1

I have a function like this

def check_urls(res):
    pool = Pool(10)
    print pool.free_count()
    for row in res:
        pool.spawn(fetch, row[0], row[1])
    pool.join()

pool.free_count() outputs value 10.

I used pdb to trace. Program works fine until pool.spawn() loop.

But its waiting forever at pool.join() line.

Can someone tell me whats wrong?

PrivateUser
  • 4,474
  • 12
  • 61
  • 94

1 Answers1

1

But its waiting forever at pool.join() line.
Can someone tell me whats wrong?

Nothing!

Though, I first wrote what's below the line, the join() function in gevent is still behaving pretty much the same way as in subprocess/threading. It's blocking until all the greenlets are done.

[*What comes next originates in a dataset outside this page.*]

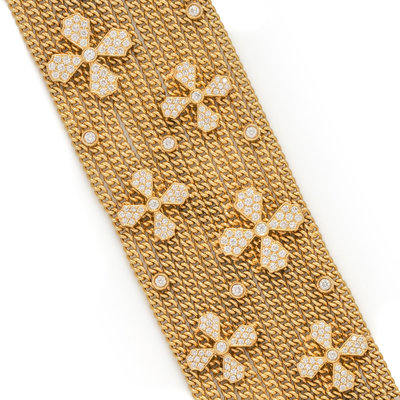 Consisting of 14 yellow gold curb link chains surmounted with 11 bezel set round brilliant cut diamonds and eight floral motifs containing 264 round brilliant cut diamonds, with clasp containing 19 round brilliant cut diamonds weighing approximately 4.15 carats total. 6 1/2 inches long.

If you want to only test whether all the greenlets in the pool are over or not, you might want to check for the ready() on each greenlet of the pool:

is_over = all(gl.ready() for gl in pool.greenlets)

Basically, .join() is not waiting forever, it's waiting until your threads are over. If one of your threads is never ending, then join() will block forever. So make sure every greenlet thread terminate, and join() will get back to execution once all the jobs are done.


edit: The following applies only to subprocess or threading modules standard API. The GEvent's greenlet pools is not matching the "standard" API.

The join() method on a Thread/Process has for purpose to make the main process/thread wait forever until the children processes/threads are over.

You can use the timeout parameter to make it get back to execution after some time, or you can use the is_alive() method to check if it's running or not without blocking.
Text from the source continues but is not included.